5.4 Phase 5 success metric

A fresh Debian VM running nginx + postgres-via-docker + caddy, scanner tick once: dashboard shows at least 3 findings with at least 2 of them having a working Apply button.

Estimated complexity. ~2 sessions (1 for the 3 scanners + 1 for the preset polish + auto-resolve specs + demo recording).

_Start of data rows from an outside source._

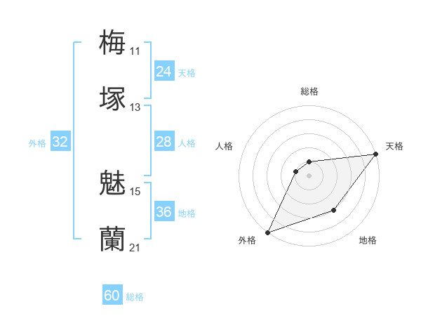 梅塚 魅蘭さんの天格は24画の5点!
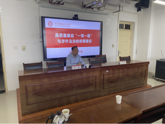 2023年6月17日,应法英皇娱乐场 邀请,英皇娱乐场 丝绸之路区域合作与发展法律研究院院长、二级教授、博士生导师王瀚到英皇娱乐场 作学术讲座。国际法教研室王国锋副教授主持。袁松副教授、崔航博士以及学生30余人参加本次讲座。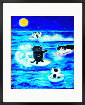 流れ星の飛ぶ星空の夜 誰も知らない秘密の海で マリンスポーツを楽しむ モノトーンの猫さんたち *お好みの用紙や額などカスタマイズ可能です。 *画像はシュミレーションのため、実物は絵の上下左右が3ミリ程度マットに隠れます。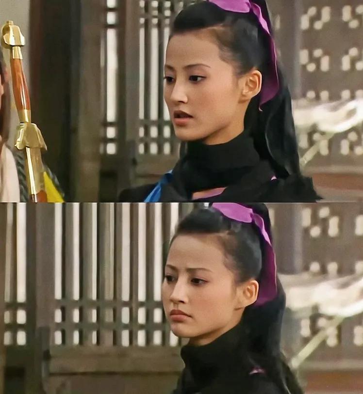 彼時的她青澀卻亮眼,一身俠氣裝扮,跟着 “雌雄雙煞” 行俠仗義。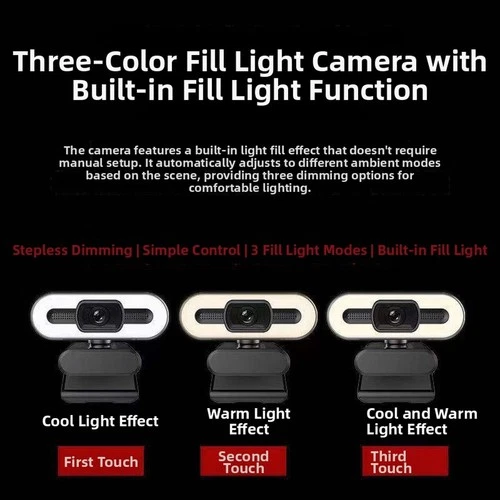 USB 4K Webcam 60fps Autofocus Built-in Fill Light Compact 12x6x3cm Black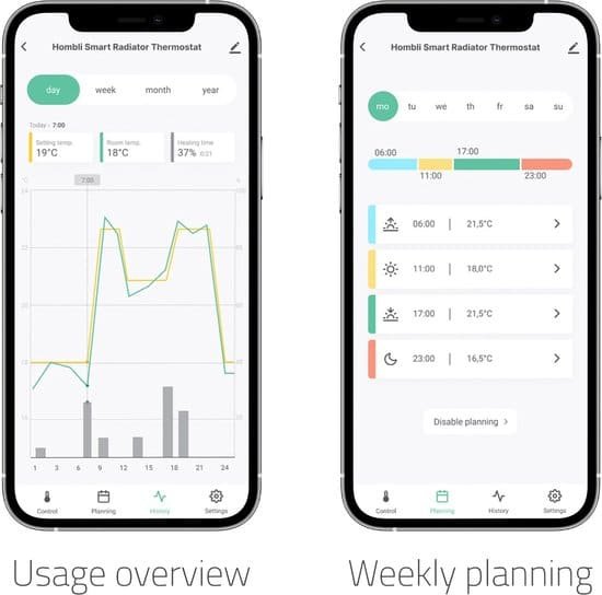 In de app kun je in een overzichtelijke grafiek bekijken wat de ingestelde en werkelijke temperatuur in jouw huis is. Hier kun je ook nauwkeurig per uur zien hoeveel minuten de verwarming heeft aangestaan. Zo weet je exact wanneer je onnodig aan het stoken bent en hoeveel je bespaard als je de temperatuur lager zet. Ook kun je per dag, week, maand zien hoeveel de verwarming in totaal heeft aangestaan, hiermee heb je direct inzicht in het totale verbruik van jouw verwarming.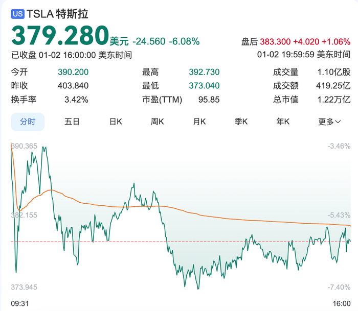 受交付数据低于预期影响,特斯拉美股开盘一路下跌,最终收盘跌幅为6.08%,市值蒸发788亿美元(约合人民币5770.5 亿元)。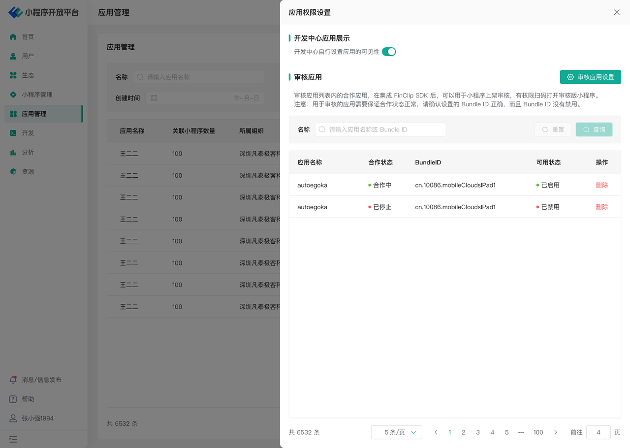 - 审核应用设置: 在这里可以选择部分数字中心创建的应用,设置为审核应用,审核应用在集成 FinClip 小程序 SDK 后,可以用于小程序上架审核,有权限扫码打开审核版小程序。用于审核的应用需要保证合作状态正常,如果需要使用审核应用,请确认设置的 Bundle ID 正确,而且 Bundle ID 没有停用。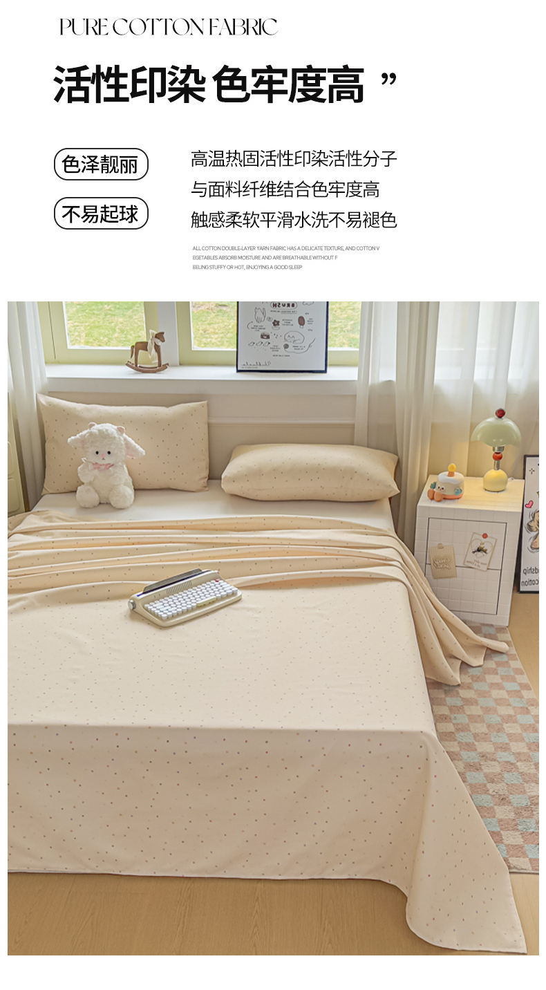 爱彼家纺 2026新款细沙卡通原棉老粗布床单凉席床单三件套-新升级细沙 彩虹波点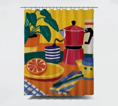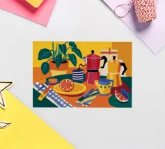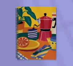 Una natura morta accogliente e invitante di un tavolo da colazione. Due moka rosse, una tazza di caffè e un piatto di pompelmo a fette sono disposti su una tovaglietta gialla su uno sfondo verde acqua, evocando un'allegra routine mattutina.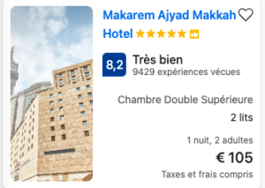 À La Mecque, c’est souvent un peu plus cher, surtout près de la Masjid Al-Haram. Mais avec un peu de recherche, tu peux trouver des options pour tous les budgets :

3. Phase 6 — Make it real (shipped 2026-05-31)

Shipped:

6.1 Prisma migrations — baseline migration 20260531000000_init captures cumulative schema through Phase 5; orphan migrations cleared. Docker entrypoint flipped from db push to migrate deploy. CI gained a migrate diff --from-migrations drift check using a shadow DB so a PR that edits schema.prisma without db:migrate fails fast.
6.2 RBAC — UserRole enum (VIEWER/OPERATOR/ADMIN) baked into JWT at sign time. requireRole() middleware gates every mutation route (jobs, tokens, backups, findings/snooze, findings/resolve). /api/users (admin-only) lists + manages teammates; role updates refuse to demote/delete the last admin. First user on a fresh deployment auto-promotes to ADMIN; subsequent registrations land as OPERATOR.
6.3 WebSocket reverse channel — @fastify/websocket plugin, /api/agent/ws endpoint with per-node connection registry. Server pushes {type:"wakeup"} on Job.create (sub-second pickup instead of waiting for the 5-min poll tick); pushes {type:"cancel", jobId:…} on operator cancel of a RUNNING job → agent's job context is cancelled → bash SIGTERMed. Falls back transparently to polling when the WS is down (gorilla/websocket reconnect with exponential backoff, 1s → 60s). RUNNING-job cancel without WS connection is refused cleanly (409).
6.4 Admin audit UI — GET /api/audit (admin-only) with filters (user/email substring, action, resource type), pagination (50/page), CSV export (?format=csv, cap 10k rows). /dashboard/admin/audit page gated client-side AND server-side; "Admin" nav entry only rendered for ADMIN role.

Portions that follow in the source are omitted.